High European demand has kept European gas prices higher than Asia’s. Europe’s LNG prices mostly remained at a heavy discount to the TTF gas price for June and July deliveries, with limited spot availability at European terminals. 

South and southeast Asian demand picked up, evidenced by a spate of buy tenders in the week. The US signed a new long-term supply deal with southeast Asia. 

Northeast Asian demand could rise in the coming weeks on summer requirements, leading to increased competition for cargoes. 

Tenders 

Thailand’s EGAT issued a one-cargo buy tender to be delivered in June, closing on 16 May. 

PTT also issued a similar buy tender covering four delivery windows in June, closing on 16 May. 

Pakistan LNG has likely awarded its latest 11 May tender to PetroChina, who submitted the lowest offers for two cargoes to Port Qasim terminal in June at $23.96/MMBtu and $22.49/MMBtu. 

While high temperatures have kept India’s demand coming, Indian utility Gail was unlikely to have awarded a 21-23 June delivery tender which closed on 11 May. 

In Northeast Asia, Japanese and Korean buyers are said to be seeking near-term cargoes to meet summer demand. 

Japan’s Hokkaido Electric likely bought a cargo at $20.00-20.50/MMBtu through a tender on 10 May. 

Turkey’s Botas has issued a four cargo buy-tender for delivery from May-August, with offers due on 12 May. This is Botas’ first buy tender since February. 

Price Volatility 

The TTF benchmark remained volatile, with prices averaging around $25/MMBtu as the market continued to react to supply developments. 

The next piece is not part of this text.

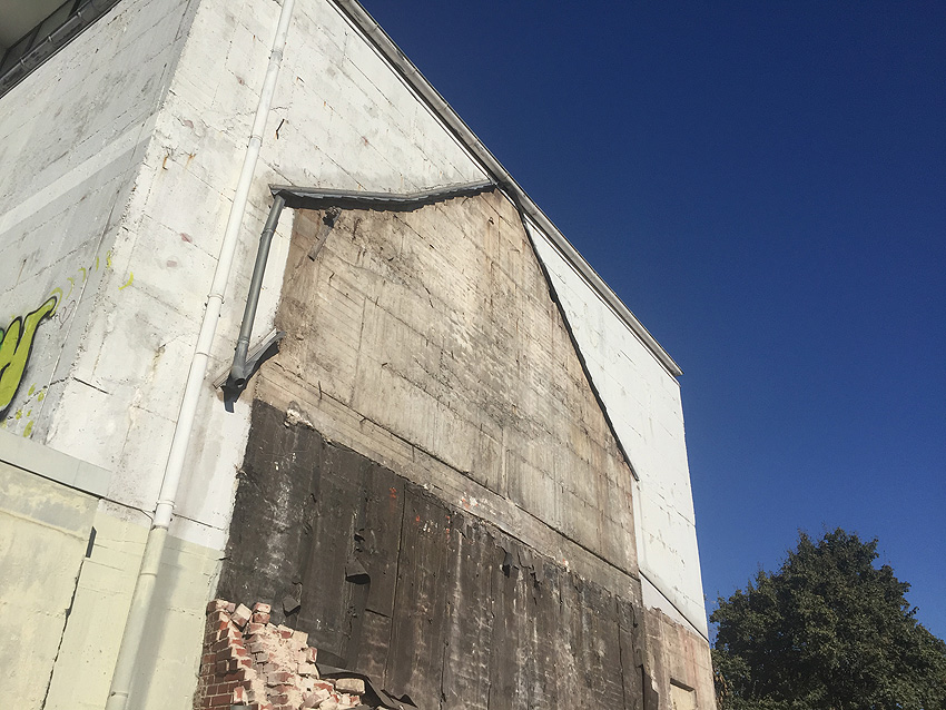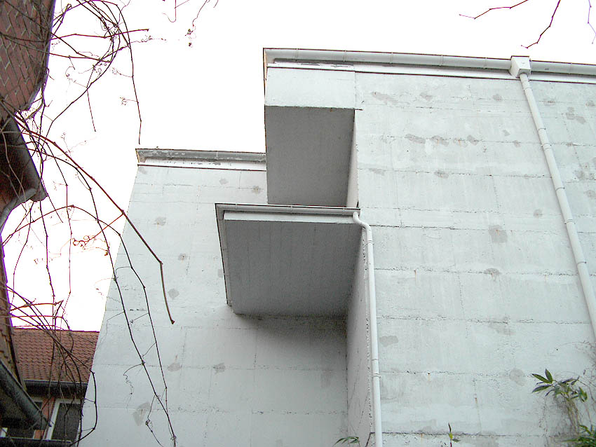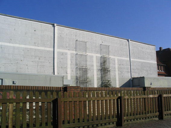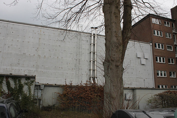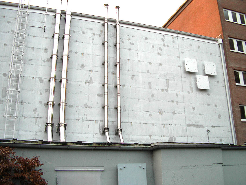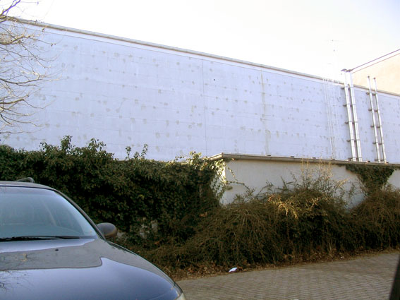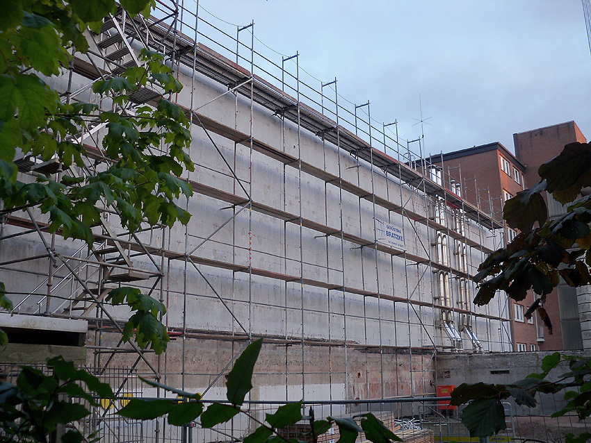 Die Mauerwerkverblendung wurde dann in den frühen 1970er Jahren angebracht. Durch unsachgemäße Montage bröckelte sie Ende der 1970er Jahre zunehmend ab, worauf sie - wie auf dem Bild zu sehen - wieder entfernt wurde.

The Russian government imposed sanctions on a new list of companies on 11 May that included a consortium partially owned by Gazprom in the Yamal pipeline and various Gazprom Germania subsidiaries in Europe and Singapore. However, the extent of the sanctions and their immediate impact on gas exports to Europe were unclear. 

Earlier in the week, Ukrainian operator GTSOU declared force majeure on the 33mcm/day Sokhranovka transit border point between Russia and Ukraine, driving the TTF higher. 

Infrastructure

Dutch operator Gasunie announced on 10 May that it had signed a five-year contract for the lease of an FSRU from New Fortress Energy. The Golar Igloo was said to be fixed above $150,000/day. The FSRU is expected to arrive at Eemshaven in the Netherlands in August, making it the second FSRU due at the terminal in August. 

This followed the 5 May announcement from Germany’s Uniper that the company has facilitated the charter of two Dynagas-managed FSRUs for the German government. The FSRUs could start-up as soon as 2023. 

Elsewhere, the Karmol LNGT Powership Asia is on its way to Brazil where it is set to become the next import terminal for Ceiba’s LNG project in Protocem. 

Long-Term Supply

US Venture Global has signed two long-term sales and purchase agreements with ExxonMobil for 2mtpa from the Plaquemines and CP2 LNG plants.